I have a Google Analytics event which fires on my website when certain interactions are made, this may or may not fire for a user in a session, or can fire many times.
I’d like to return results showing the userID and the value of the first and last event label, per day. I have tried to do this with MAX(hits.eventInfo.eventLabel), but when I fact check my results this is not returning the last value for that user in the day as I was expecting.

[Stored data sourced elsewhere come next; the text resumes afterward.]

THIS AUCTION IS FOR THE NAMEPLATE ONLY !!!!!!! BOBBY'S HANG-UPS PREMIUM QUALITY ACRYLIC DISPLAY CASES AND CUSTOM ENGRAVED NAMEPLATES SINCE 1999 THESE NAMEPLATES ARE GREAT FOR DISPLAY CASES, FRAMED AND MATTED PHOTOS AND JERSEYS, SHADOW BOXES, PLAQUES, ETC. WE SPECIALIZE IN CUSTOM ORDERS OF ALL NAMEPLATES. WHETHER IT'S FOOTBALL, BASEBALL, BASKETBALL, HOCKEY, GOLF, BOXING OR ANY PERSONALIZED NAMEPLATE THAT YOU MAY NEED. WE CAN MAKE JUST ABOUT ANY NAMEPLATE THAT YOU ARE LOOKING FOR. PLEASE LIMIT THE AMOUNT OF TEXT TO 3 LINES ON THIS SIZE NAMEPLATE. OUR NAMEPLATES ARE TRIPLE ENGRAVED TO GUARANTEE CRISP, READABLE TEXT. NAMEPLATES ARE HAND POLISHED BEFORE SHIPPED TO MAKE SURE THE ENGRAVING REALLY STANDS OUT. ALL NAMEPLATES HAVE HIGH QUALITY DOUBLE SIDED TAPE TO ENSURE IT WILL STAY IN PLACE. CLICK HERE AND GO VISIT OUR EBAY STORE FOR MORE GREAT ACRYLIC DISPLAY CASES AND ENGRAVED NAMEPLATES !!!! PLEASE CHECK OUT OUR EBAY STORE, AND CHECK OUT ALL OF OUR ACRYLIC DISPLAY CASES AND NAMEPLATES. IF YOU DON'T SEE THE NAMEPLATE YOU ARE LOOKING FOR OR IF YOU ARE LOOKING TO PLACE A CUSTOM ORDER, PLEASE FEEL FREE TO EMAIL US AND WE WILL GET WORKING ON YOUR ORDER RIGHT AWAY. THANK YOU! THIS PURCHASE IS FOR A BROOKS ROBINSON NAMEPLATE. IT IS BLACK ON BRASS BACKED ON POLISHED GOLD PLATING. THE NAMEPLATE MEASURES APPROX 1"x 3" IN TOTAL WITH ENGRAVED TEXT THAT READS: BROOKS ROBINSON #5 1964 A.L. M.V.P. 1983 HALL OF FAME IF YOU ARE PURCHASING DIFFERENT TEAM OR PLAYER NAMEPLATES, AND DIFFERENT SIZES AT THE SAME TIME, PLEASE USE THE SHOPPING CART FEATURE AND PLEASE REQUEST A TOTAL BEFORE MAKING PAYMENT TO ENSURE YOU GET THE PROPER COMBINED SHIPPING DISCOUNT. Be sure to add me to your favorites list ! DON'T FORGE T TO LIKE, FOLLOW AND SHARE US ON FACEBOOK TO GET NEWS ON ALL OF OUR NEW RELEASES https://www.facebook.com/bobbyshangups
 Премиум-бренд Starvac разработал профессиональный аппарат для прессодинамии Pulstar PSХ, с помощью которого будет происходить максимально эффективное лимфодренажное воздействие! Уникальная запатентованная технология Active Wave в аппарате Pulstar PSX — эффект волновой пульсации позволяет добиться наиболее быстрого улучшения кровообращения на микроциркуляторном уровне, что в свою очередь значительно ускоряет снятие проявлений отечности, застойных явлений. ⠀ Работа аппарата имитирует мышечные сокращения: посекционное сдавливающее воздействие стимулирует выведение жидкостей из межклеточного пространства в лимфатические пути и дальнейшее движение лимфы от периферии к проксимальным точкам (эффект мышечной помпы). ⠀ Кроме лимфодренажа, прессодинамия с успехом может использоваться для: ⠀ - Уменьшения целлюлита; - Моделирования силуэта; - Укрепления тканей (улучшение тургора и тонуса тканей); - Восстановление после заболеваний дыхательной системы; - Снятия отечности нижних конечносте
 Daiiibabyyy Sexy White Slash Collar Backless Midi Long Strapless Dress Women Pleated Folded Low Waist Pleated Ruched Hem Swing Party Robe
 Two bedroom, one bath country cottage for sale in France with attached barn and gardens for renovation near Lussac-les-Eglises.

SELECT Date, customDimension.value AS UserID, MAX(hits.eventInfo.eventLabel) AS last_value FROM `project.dataset.ga_sessions_20*` AS t CROSS JOIN UNNEST(hits) AS hits CROSS JOIN UNNEST(t.customdimensions) AS customDimension WHERE parse_date('%y%m%d', _table_suffix) between DATE_sub(current_date(), interval 1 day) and DATE_sub(current_date(), interval 1 day) AND hits.eventInfo.eventAction = "Value" AND customDimension.index = 2 GROUP BY Date, UserID
For example, the query above returns results where user X has the following MAX() value:
20180806 User_x 69.96
But when I look at the details of that users interactions on the day I see:
Based on this, I would expect to see 79.95 as my MAX() result as it has the highest hit number, instead I seem to have selected a value from somewhere in the middle of the session – how can I adjust my query to ensure I select the last event value?
Advertisement
Answer
When you are looking for maximum value of column colA
while doing GROUP BY – obviously MAX(colA)
will work
But when you are looking for value in column colA
based on maximum value in column colB
– you should use STRING_AGG(colA ORDER BY colB DESC LIMIT 1)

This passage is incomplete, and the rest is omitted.